Соловьев открыл на середине блокнот, протянул Сычу. Женя присел к подоконнику, стал писать. Критик воодушевился в предвкушении удачи, тронул одного за рукав, второго.
— Театру нужно внимание, нужна помощь. Если в прошлом он только забавлял зрителя, представлял смешные, душещипательные истории, то театр сегодня — это политическая арена, философская школа, эстетический университет. Театр учит, воспитывает, ведет.
Кто–то несмело и неопределенно возразил:
— Это что–то новое.
— Что ж, я критик, публицист, искусствовед.
Мне и по штату положено говорить вещи новые, смелые. А вы не устали жевать старое?
— Жевать?.. Как это жевать? — возмутился кто–то.
— Я не совсем точно выразился. Я хотел сказать, порядочно надоели старые истины, газетная жвачка и вообще это бесконечное повторение одного и того же… ортодоксального, официального.
— Пожалуйста, — подошел к нему Евгений и протянул листок. Соловьев стал вслух читать мнение Сыча. И по мере того как он читал, борода его клонилась на грудь, глаза темнели и щурились. Потом, не дочитав, резким движением возвратил листок автору.
— Я вас просил серьезно, а вы… шутите, — глухо, прерывистым голосом проговорил критик.
— А это все серьезно, — возразил Сыч. — Вы же, как я понял, демократ, а тут… — Сыч высоко поднял исписанный листок, — тут мнение одного из почитателей театра, зрителя. Вот и пропечатайте в статье, доложите министру…
— Прочтите нам сами, что вы написали, — попросил Сыча парень в спортивной куртке, в брюках, усеянных блестящими шляпками, косыми разрезами карманов.
— Да читайте громче! — поддержали его несколько голосов.
— Могу, — согласился Сыч, — и стал читать:
— «Степнянскому театру нужен режиссер — художник, реалист, патриот.
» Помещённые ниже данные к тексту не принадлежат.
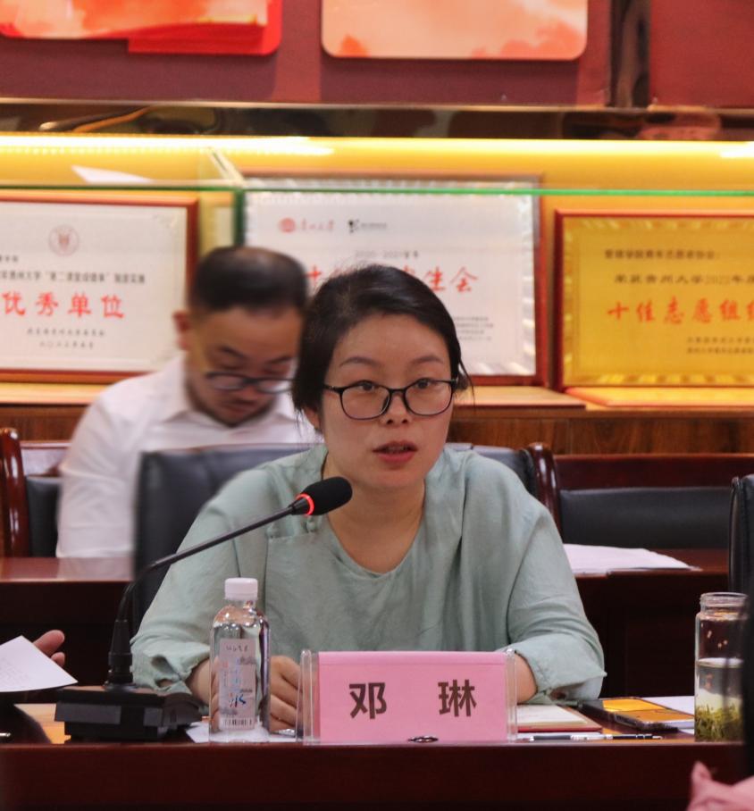 学院党委副书记兼纪委书记邓琳对党建工作、毕业生材料审核归档和转出情况、就业情况、征兵进度及警示教育等工作作了通报和部署;同时对双创中心在竞赛工作上取得的成绩进行阶段性总结并表示肯定,勉励师生继续携手并进,取得更高层次的荣誉。最后,她提醒大家假期期间要注重安全,禁止酒驾和赌博行为,教师要注重师德师风,要加强假期纪律和意识形态领域的管理。

И ещё нашему театру, как, впрочем, и всякому другому, нужны талантливые пьесы. А пьес таких мало. Говорят, нет хороших драматургов. Но такого не может быть, чтобы земля русская талантами оскудела, — были у нас во все времена большие писатели, драматурги, есть они, конечно, и теперь, но почему их творения на сцену степнянского театра не пробиваются, непонятно. Губительно для театра такое положение. И долго ли оно будет продолжаться?
Евгений Сыч, журналист».
— Ну это ты, парень, хватил через край, — возразил кто–то.
— Он нас о театре спрашивает, а ты ему вселенскую философию развел, — поддержал другой.
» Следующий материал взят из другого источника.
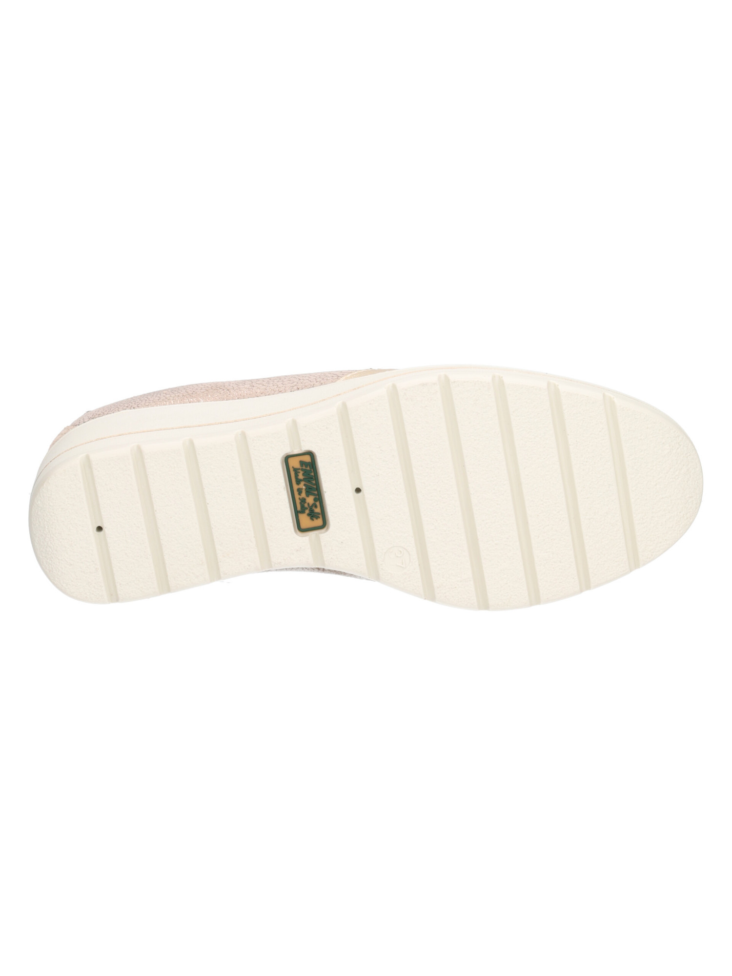 Mocassino Enval Soft da donna in similcamoscio beige con fodera in tessuto, sottopiede estraibile in pelle con memory foam fondo in gomma e zeppa di 5cm.

— Бросьте, верно он написал! — возразил им физик в спортивной форме.
Соловьев, раздраженно взмахнув рукой, поспешил ретироваться.
Сыч вышел вслед за ним. Ему любопытно было до конца «расколоть» столичный орешек, и он решился на крайнюю меру: остановить Соловьева и навязать ему откровенный диалог.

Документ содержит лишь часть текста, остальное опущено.